In response to the Supreme Court of the United States (SCOTUS) ruling in favor of a football coach's right to pray on the field, the Freedom From Religion Foundation (FFRF) is launching a campaign in an attempt to educate school administrators on what it perceives to be limitations of the ruling.

In June, SCOTUS ruled 6-3 in favor of a former Washington state coach, Joe Kennedy, who fought to reclaim his job after being let go for repeatedly praying on the football field.

The Court found that the Bremerton School District violated both the Free Speech and Free Exercise Clauses of the First Amendment when it fired the coach for praying.

In line with the FFRF's position of "non-theism," the anti-religion non-profit has been sending memos to school administrators informing them on what they can and cannot do as a result of the ruling.

The memo was sent to more than 6,100 school districts in 14 states, including Alabama, Florida, Georgia, Illinois, Indiana, Kentucky, Michigan, Missouri, North Carolina, Ohio, Pennsylvania, Tennessee, Texas and West Virginia. 

"Theocratically minded groups and people are attempting to take advantage of the egregious Supreme Court judgment," says FFRF co-president Annie Laurie Gaylor. "We're doing all that we can to make certain that student rights are respected."

The FFRF memo includes lengthy explanations of the perceived limitations of the law, as well as an encouragement for students to report suspected violations.

The FFRF also said that, when necessary, it would contact student-athletes directly to let them know their rights.

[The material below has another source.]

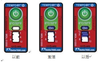 TempDot™ Plus温度标签需存储在室温下,并且必须在反应温度以上被激活。激活是通过用手指推压,ON的字

"The Bremerton decision has not changed the law at all regarding what school districts can and cannot do at its athletic events," the memo reads. "It certainly has not opened the door for public school officials to coerce students into participating in religious activities by scheduling prayer at school-sponsored events, leading students in prayer, or inviting students to participate in prayer. Please consider reminding your administrators, athletic directors, coaches and staff of the important line between permissible, private religious expression and coercive religious practices, and monitor school athletic events to ensure that school employees are complying with the law."